Hi, I’m Destanie. I’m 15 years old. I turn 16 in May, but I don’t think I’m going to make it to see my birthday. Here’s why….
Back in June of 2012 i fell in love with this guy Tyler. He gave me the happiness I needed. He made me feel loved and wanted. We started dating but it only lasted about a week. For 3-4 months after that, I kept trying to tell him I still loved him. Finally he started talking to me again and I told him.. He told me he still loved me too and that he wants to make things right. Well we got back together but again, it only lasted a week.. He promised me we would get back together but then 2-3 days later his baby momma told me he had a new girlfriend and my heart shattered.. All I want to do now is lay in bed and cry. Well today he told me that he never loved me and he never cared about me </3 and it broke my heart even more… I want to end my life now because its worthless, the guy I’m in love with doesn’t want me and I don’t know what to do. Someone maybe help me out? Or else I’m just gonna end my life so I don’t have to deal with this pain anymore… It’s tearing my apart! </3 :'(
10 comments
i know how you feel, im 15 too and a lot going on, when i was 11 i went out wit a guy for 15 months. he told me he loved me a lot but wen he dumped me he said he never loved me and he told me to go kill myself…. i found out he cheated on me 4 times. guys can be jerks. but dont kill ur self over him, he doesnt deserve it. you can do beta than him. i cant tell you not to kill urself because im doing it in 3 days so i cant talk. but please reconsider. this guy isnt worth crying or dying over!!! you can do better than him. theres plenty of fish in the sea. dont take it out on you. you deserve better than him.

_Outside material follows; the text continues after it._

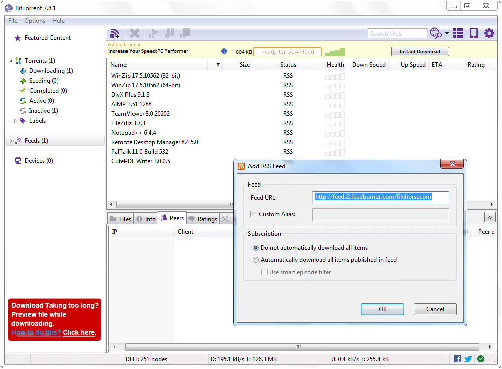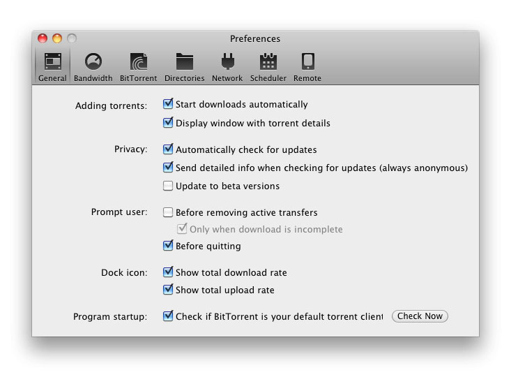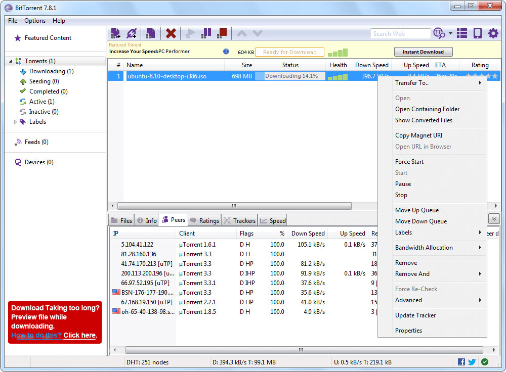 يمكنك ضبط تحميل ملفات تورنت متعددة وسرعة التحميل سريعة بشكل معقول. من السهل إعداد البرنامج ونقترح أن تختار المنفذ المناسب ووضع حدود لمعدل التحميل والرفع لتجنب استهلاك سعة النطاق. من الجيد أيضاً ضبط تنزيلاتك حسب الأولوية لمتابعة سير تنزيل الملفات بشكل أدق.

Thank you. That helped a lot. My friend Mitchell already talked to me, and I’m not considering it right now. But that doesn’t mean I won’t again. If you would like to talk, please. Text me. 712 308 3080. I will be there to talk and help you whenever you want.
BTD: You’re only 15???
yes im 15 how old did you think i was ?
i hope you do reconsider.
I still go through this… I’ve give up… I want a new start with a new person that doesn’t have kid’s. me… personaly… I can’t trust anyone that much ever again.
That guy sounds like a total player douchebag. Raise your standards and forget this guy – believe me, there are much better fish in the sea.
I must say miss, he’s not worth your time.
Me being a guy, I understand how we can be jerks. But that doesn’t mean we’re all that way.
I’m 16 and loved this girl once. She was just a friend but I wanted a bit more. Anyways, time passed and somehow we’re not verry close anymore, and it hurt so much.
I thought about killing myself for it, but truth is, I’ve got way more demons in me than that.
Women have lied to me, hurt me, and broke me apart. It has led me to think all of them are evil, but this I know is not true.
Cheer up girls please, it will get better.
Ever want to talk, just email me. It’s brl.cents@gmail.com
Dear Destanie
Thank you for sharing your story with us.
I am one of those many who very much care and I fully understand exactly how you feel. What I would like to ask you is that you “listen” to what I have to say and make it yours, even if at this moment you are so sad.
Destanie, what happens at the age of 15 is that you and kids like you have engaged in very strong relationships that are emotionally very very demanding, and for that reason very risky to be handled by kids. Only adults have the ability to separate emotions from facts and they can asses persons as they truly are and not as you make them up in your imaginary wishes. So, what has happened to you is what happens to all kids around the planet engaging in stuff like this.
You are more mature than him and like all young girls you have a heart so very big and beautiful, while the guy is a total douchebag and stupid, because saying “I never loved you” is absolutely cruel, despicable, mean, insensitive and it is only confirming how stupid he is, How can someone say that to anybody? That is like mocking or insulting disabled people, one has to be completely sick or retarded to hurt the feelings of someone that way. But precisely for this reason, you cannot be sorry for this broken relationship at all, On the contrary, you should celebrate and be very happy that you got rid of that stupid ***ck
He does not have a clue of what love is, and I feel sorry for the other girl, because she is now with some moron kid with a runny nose who cannot even grasp the importance and effect of one’s words.
So, now you are wiser, and you can celebrate as I said, because you have the experience and knowledge to start being more cautious when engaging in “love affairs”.
You should read a book called “The art of loving” by Erich Fromm. It is a MUST before you engage again in that sort of games.
Hugs
Oracle
Thank you so much. I haven’t had the suicidal thoughts all day so I should be good for a little bit. But it’s hard right now because he wanted for me to move in with him once I turned 16 (my parents loved him and gave me permission to live with him as he lives A LOT closer to my school.) But I am going to be okay, as long as I have the support I need.